▶ **What the task asks**: Type out the lines below exactly, from the first through the line holding "Bed tray, for", and include no pictures.

▶ **Given records**:
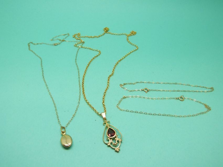 Two 9ct gold necklaces, one with a coffee bean pendant together with two 9ct gold bracelets, weight 3.2g
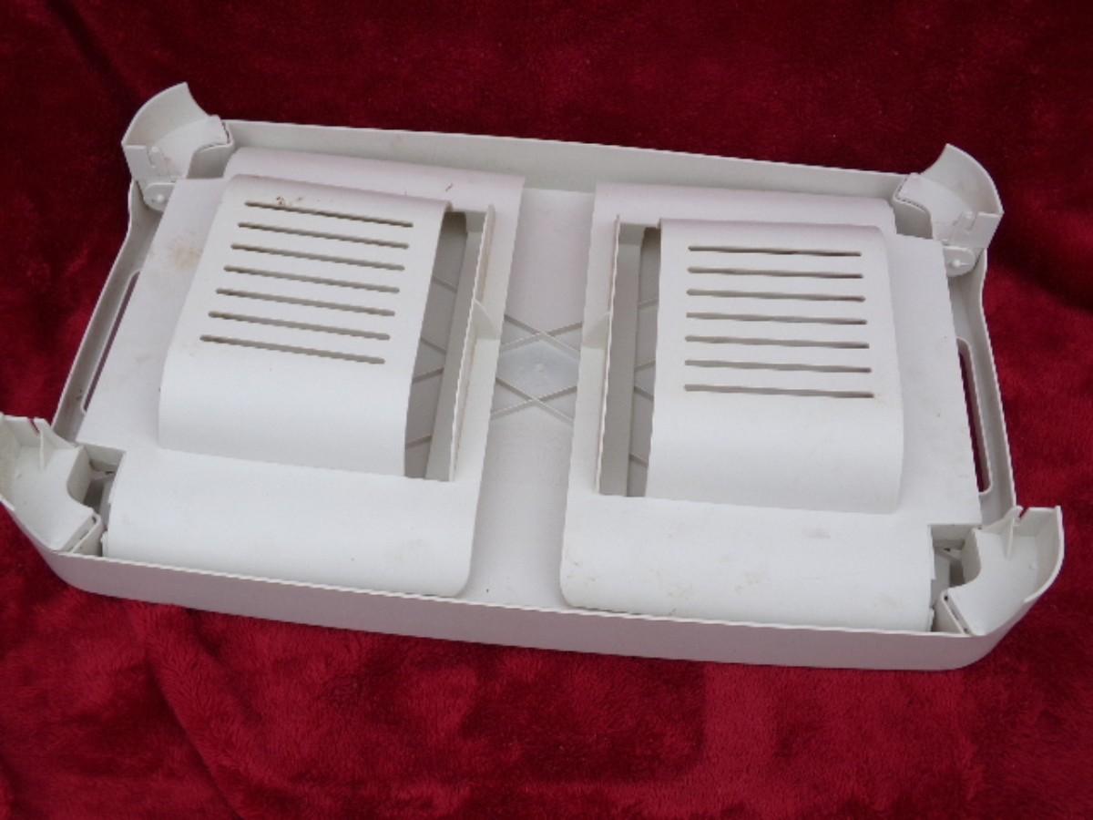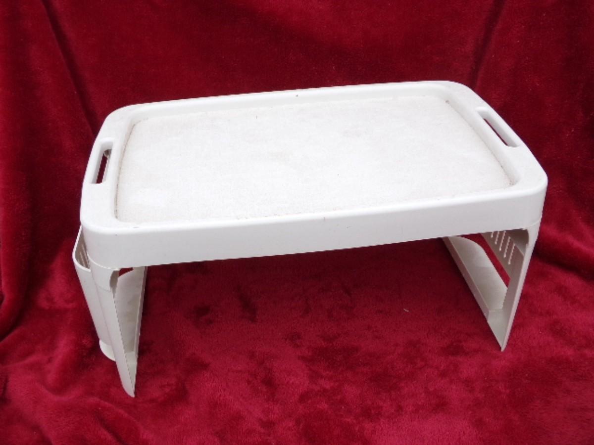 Bed tray, for eating in bed or whatever. Folds up for storage, plastic.
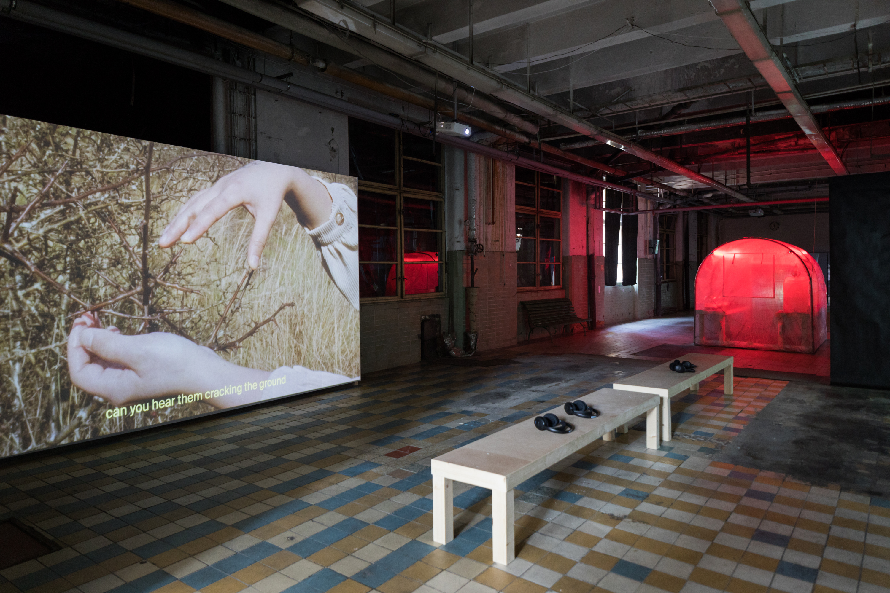 Marie Tučková is an artist who works with installations combining performative, audio, and visual elements. These elements are often interconnected through text, transformed into lyrics, a video voice-over, an audio story, or a performance script. Her work investigates the politics of listening, the hierarchy of voices, various forms of collaboration, and the overlapping of political and poetic language. The artist’s new multi-chapter work merges polyphonic songs with poetry and theory through a collaboration with a number of dancers, performers, and musicians. It presents the womb as a site of polyphony and constant sound resonance, investigating the political dimensions of listening in order to overcome the hierarchies between what we perceive as a message and as noise. It further interweaves the stories of fluid bodies—the body of a dead river, standing for dying ecosystems, and the female, trans, and queer body subjected to exploitation by capitalism and reproductive control by the heteronormative, particularly ultra-Christian patriarchy. Conceived as a song for the human animal and more-than-human species, singing and sighing pours out as a liquid from an open wound and as an exhalation in the process of learning through listening.
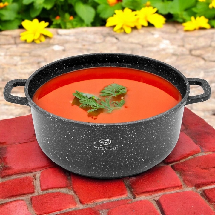 Суцільний горщик виготовлений з найвищої якості алюмінію, покритий мармуровим антипригарним покриттям . Продукт характеризується простотою виготовлення , і належним чином профілювані краї дозволяють безпосередньо злити рідини з судна без несподіваного бризки. У ньому є зручні ручки , які забезпечать стабільну та захищені зчеплення під час його перенесення. Ідеально підходить для підготовки різних видів страв. Спеціальне феромагнітне дно підходить для всіх видів плит: газ, електрична, керамічна, індукція та галоген.
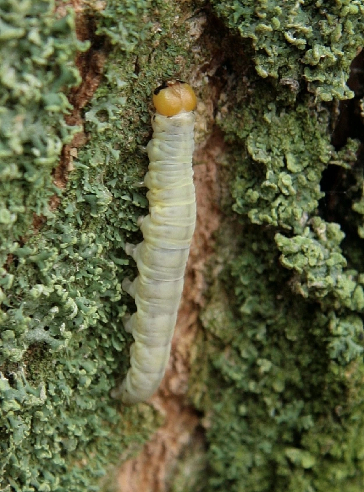 Tot 37 mm; lichaam bleekgeel met groenachtig grijze zweem; over de spiracula een heldergele lengtestreep; nekschild op segment een glimmend lichtgrijs; segment een, twee, drie en elf met zwarte vlekjes aan weerszijden; kop geelachtig bruin met zwarte tekening op de voorzijde.
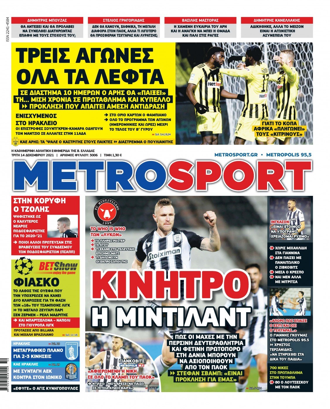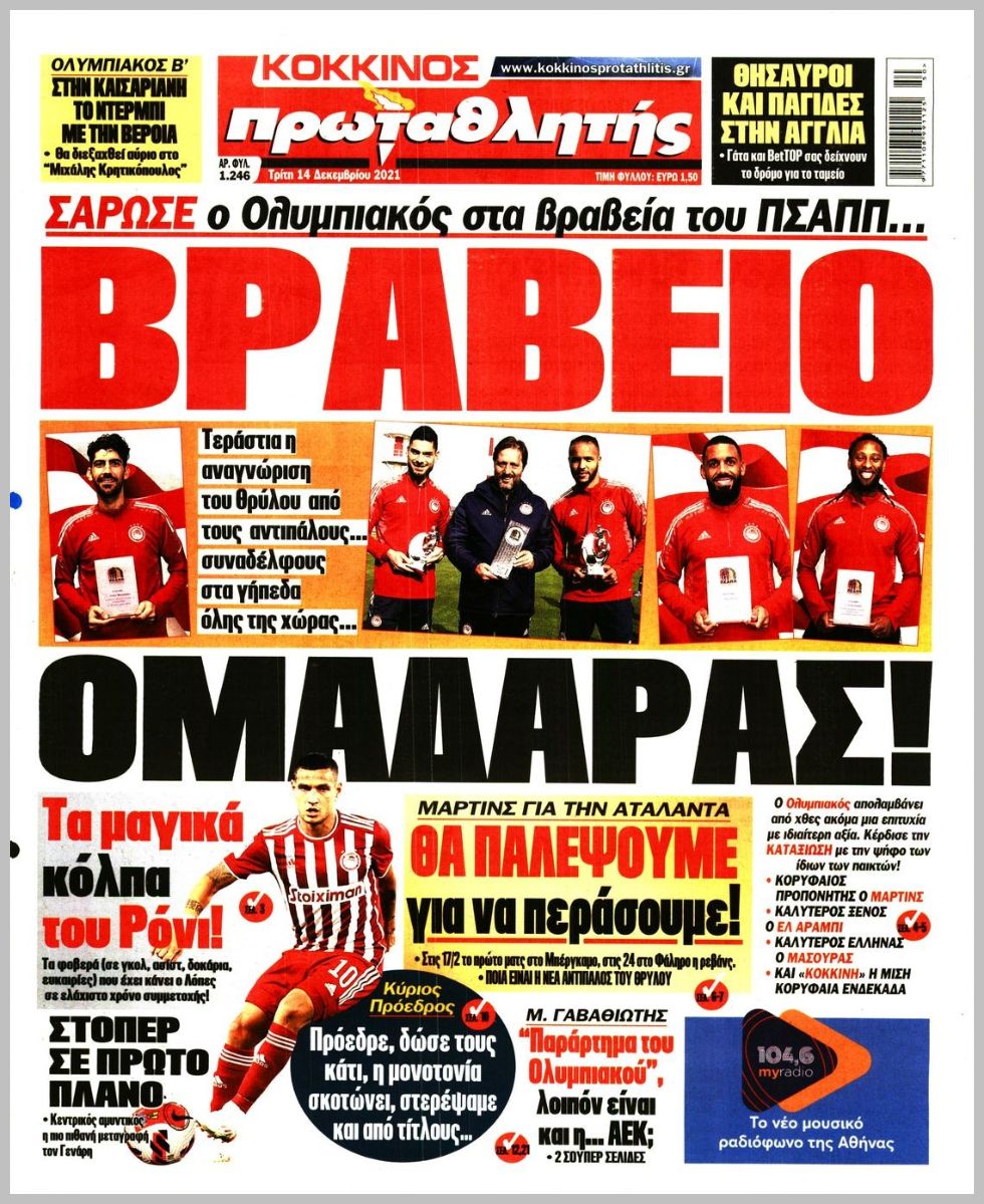 Πρωτοσέλιδα αθλητικών εφημερίδων για την Τρίτη 14 Δεκεμβρίου 2021. Τι αναφέρουν στη… βιτρίνα τους οι εφημερίδες σε Αθήνα και Θεσσαλονίκη.
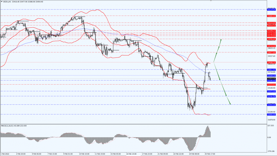 The Dow focuses on the 34088-line today. If the Dow runs stably below the 34088-line, it will pay attention to the support strength of the 33390 and 32781 positions. If the Dow breaks above the 34088-line, then pay attention to the suppression of the 34477-line.
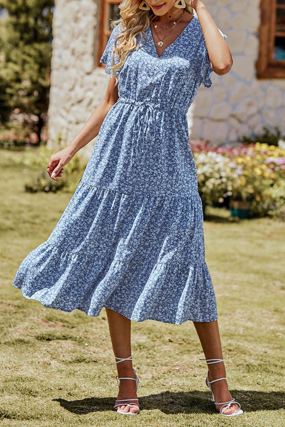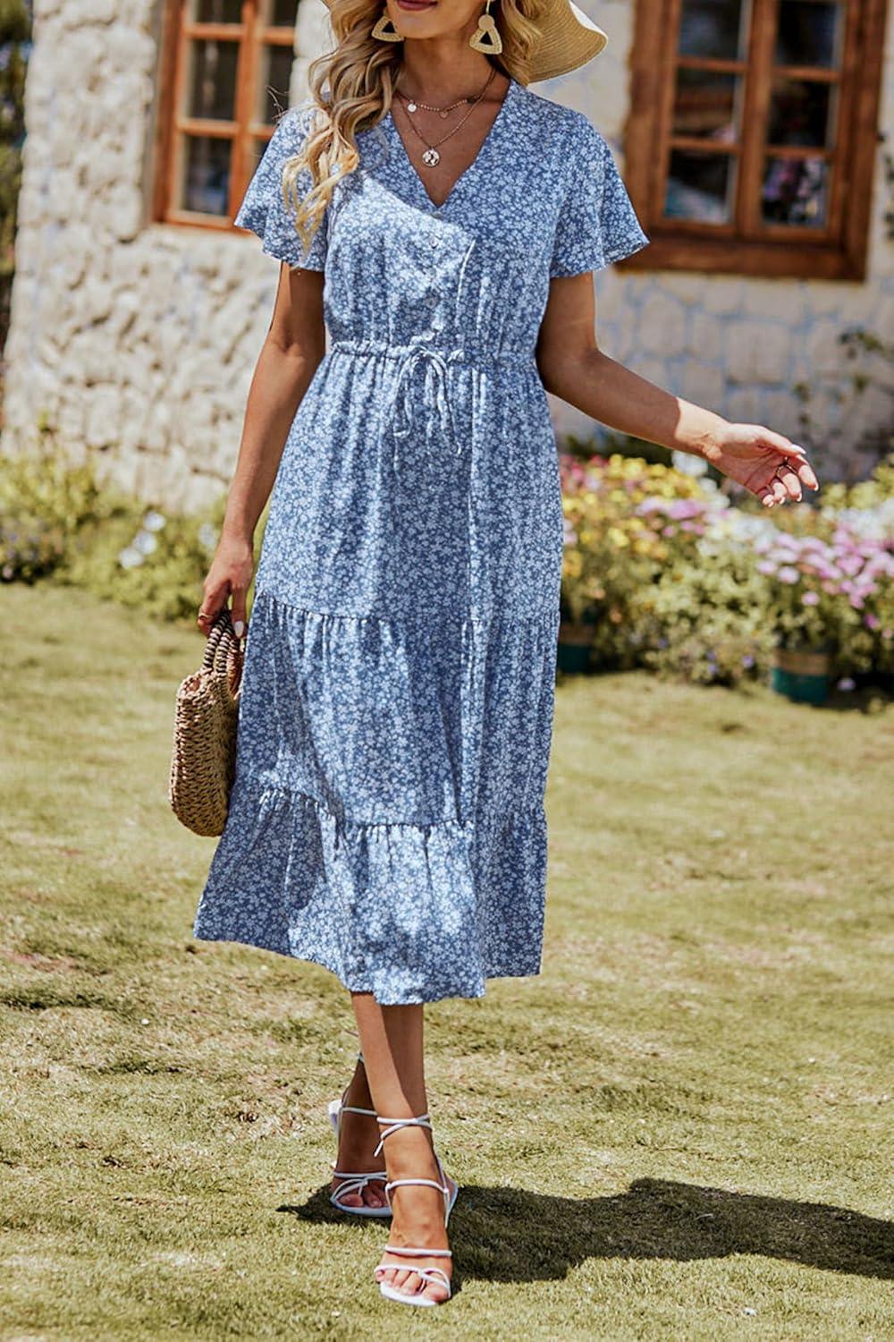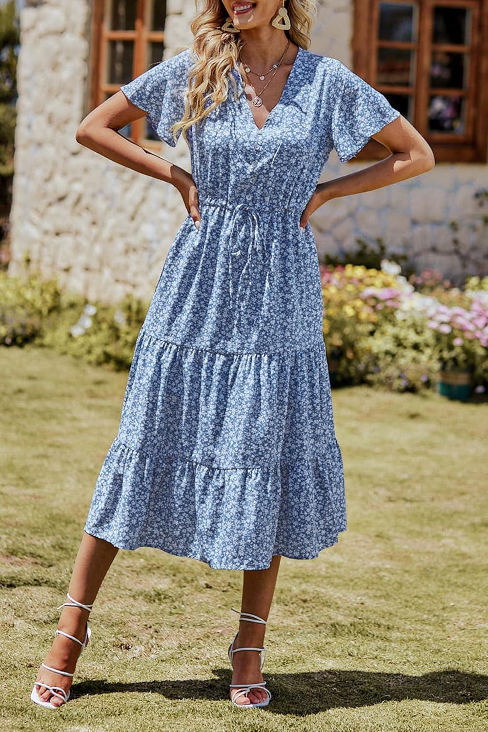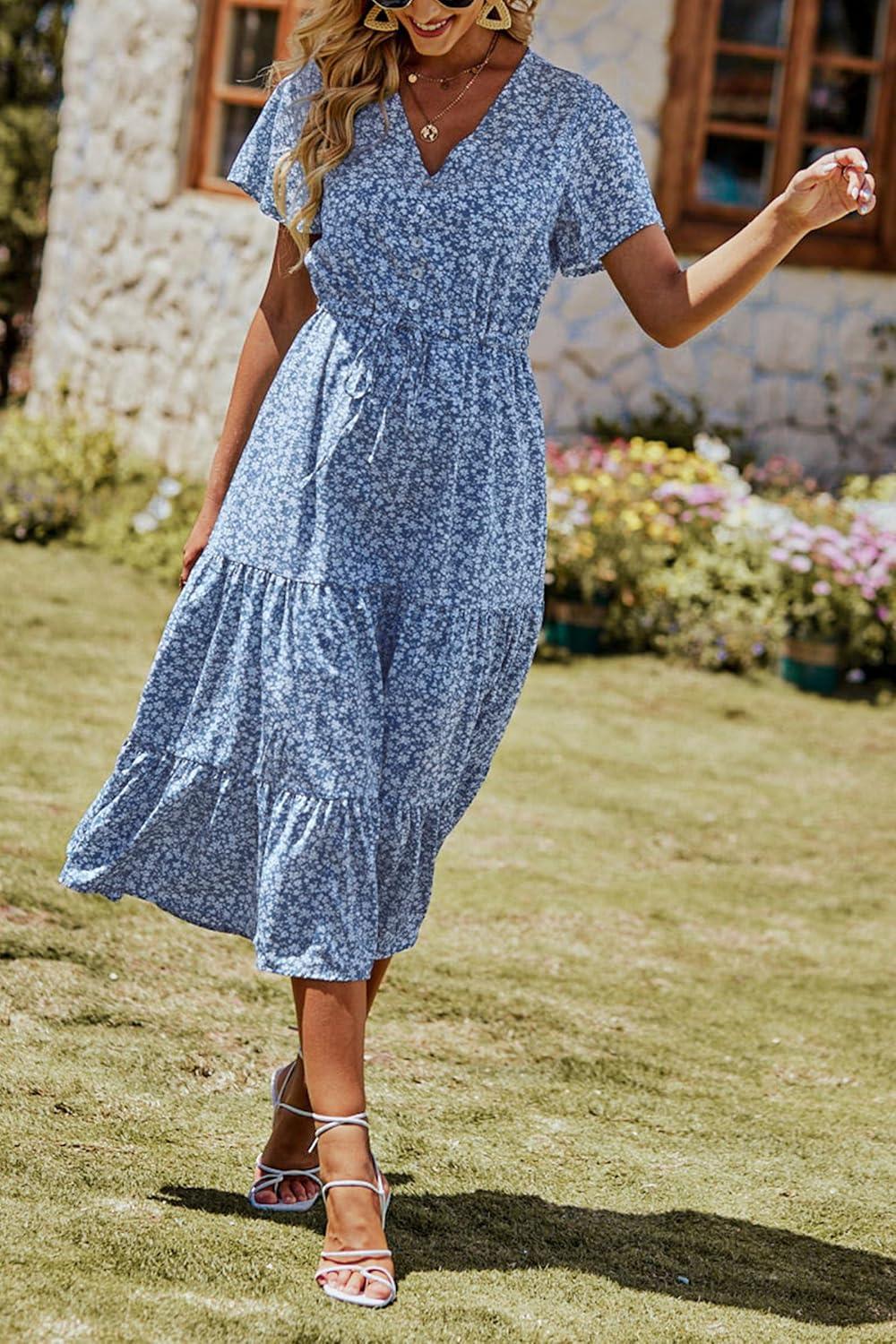 PRETTYGARDEN Summer Floral Dress for Women 2025 Casual Boho Short Sleeve Maxi Dresses V Neck Tiered Flowy Beach Sundress(Blue)

▶ **Answer to this exercise**:
 Two 9ct gold necklaces, one with a coffee bean pendant together with two 9ct gold bracelets, weight 3.2g
 Bed tray, for eating in bed or whatever. Folds up for storage, plastic.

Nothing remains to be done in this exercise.